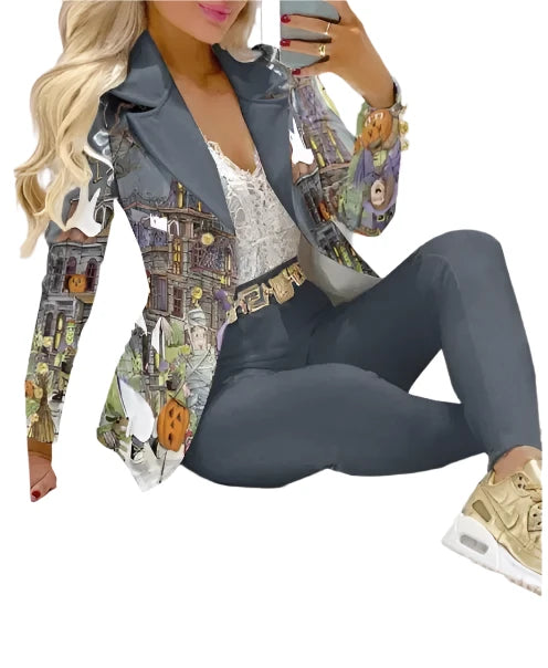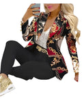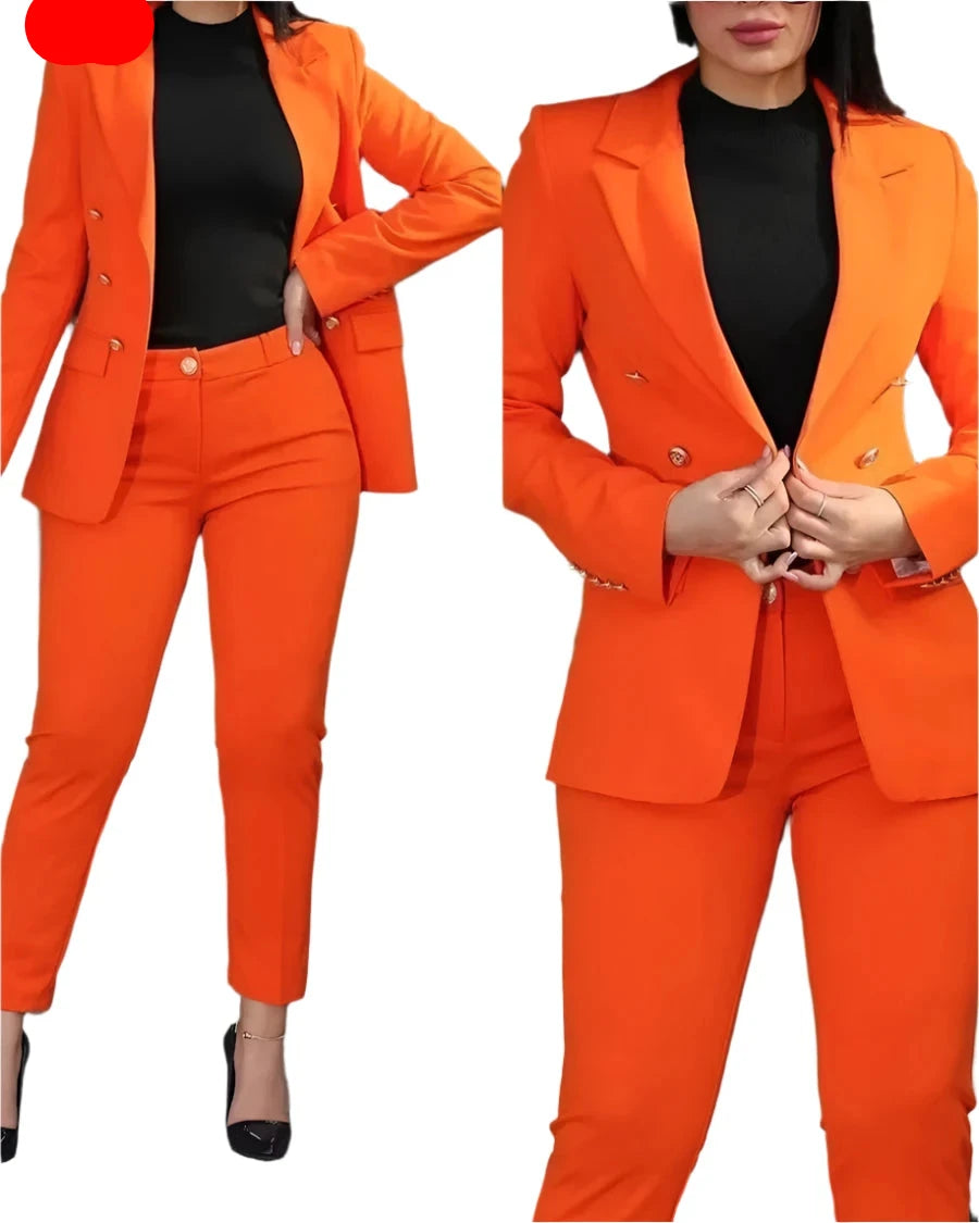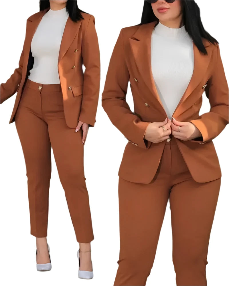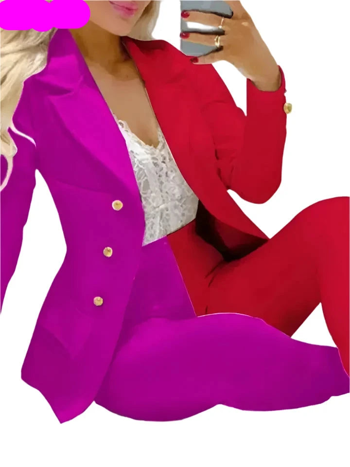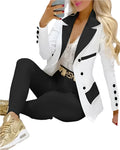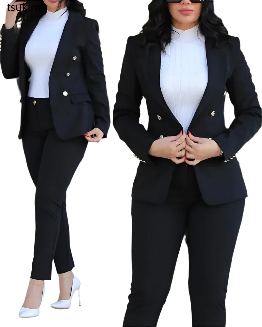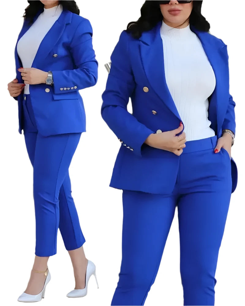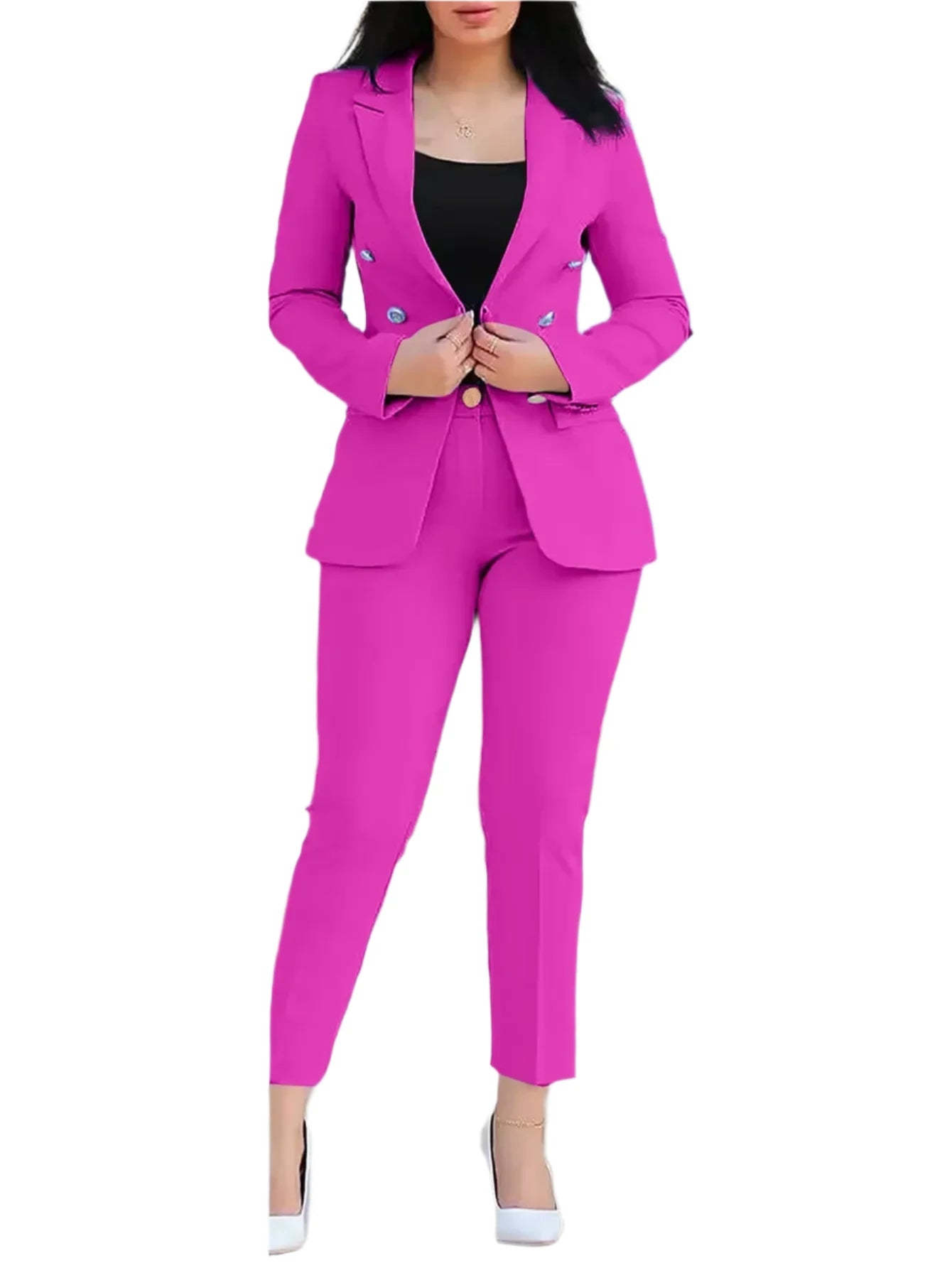Women's Business Office 2-Piece Suit featuring a stylish blazer jacket and tailored pants. Designed for elegance and comfort, this outfit is perfect for office wear, formal events, or casual business occasions.
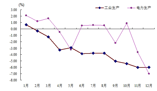 圖1 美國(guó)2001年各月工業(yè)生產(chǎn)增速與電力生產(chǎn)同比增速
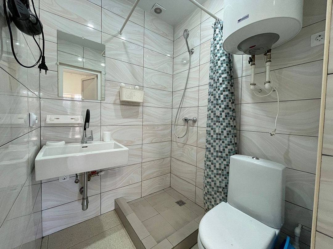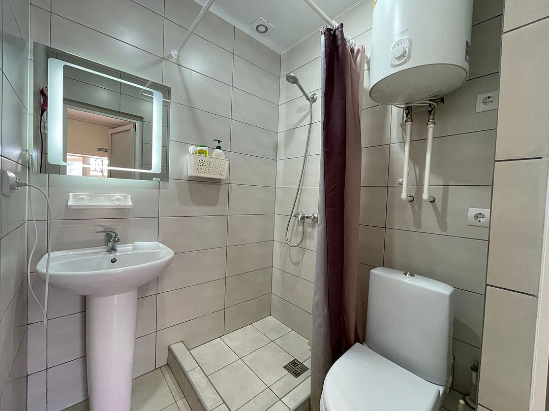 • Ванная комната: душ, туалет, раковина, полотенца, косметические принадлежности.
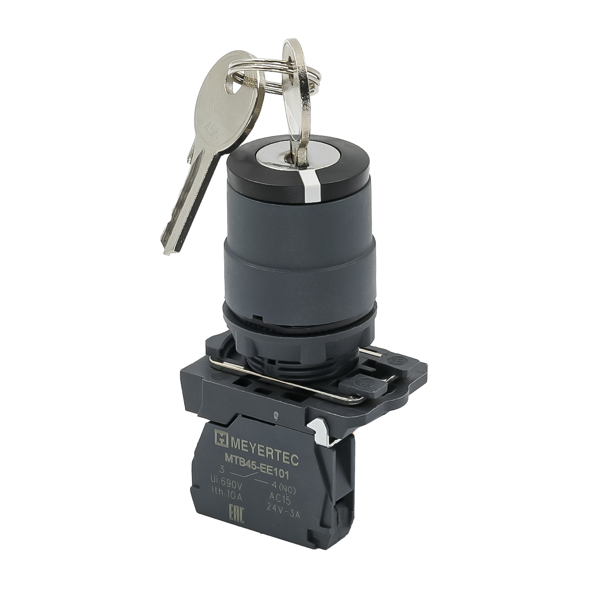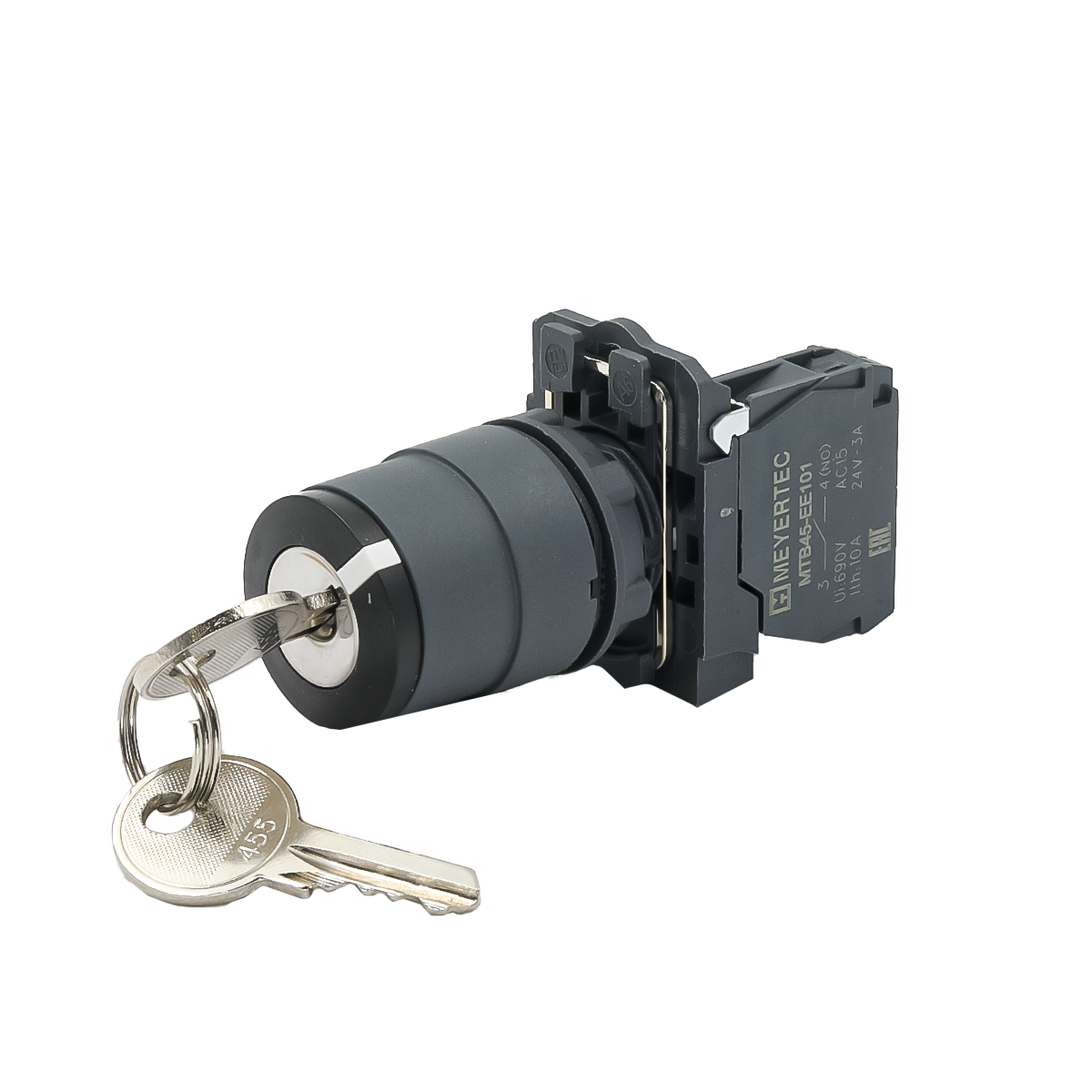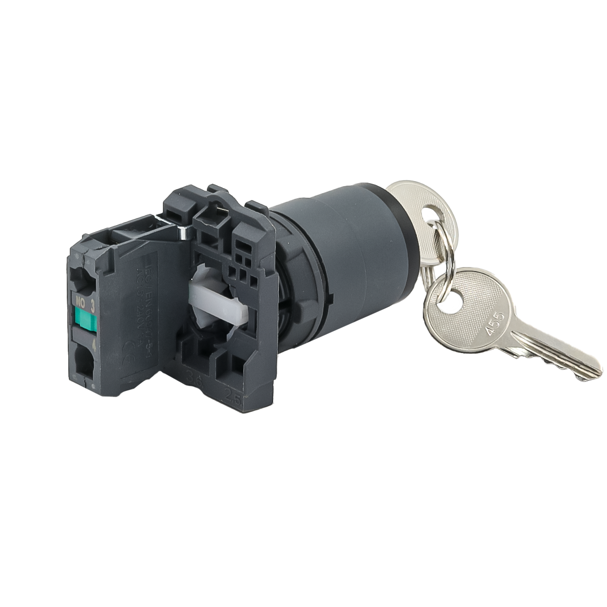 Переключатель с ключом на 2 положения с фиксацией, 1 выемка, 1NO, IP65, пластик

*WHAT TO PRODUCE*
Repeat the material above exactly; pictures do not belong in the copy.

*TASK SOLUTION*
Women's Business Office 2-Piece Suit featuring a stylish blazer jacket and tailored pants. Designed for elegance and comfort, this outfit is perfect for office wear, formal events, or casual business occasions.
 圖1 美國(guó)2001年各月工業(yè)生產(chǎn)增速與電力生產(chǎn)同比增速
 • Ванная комната: душ, туалет, раковина, полотенца, косметические принадлежности.
 Переключатель с ключом на 2 положения с фиксацией, 1 выемка, 1NO, IP65, пластик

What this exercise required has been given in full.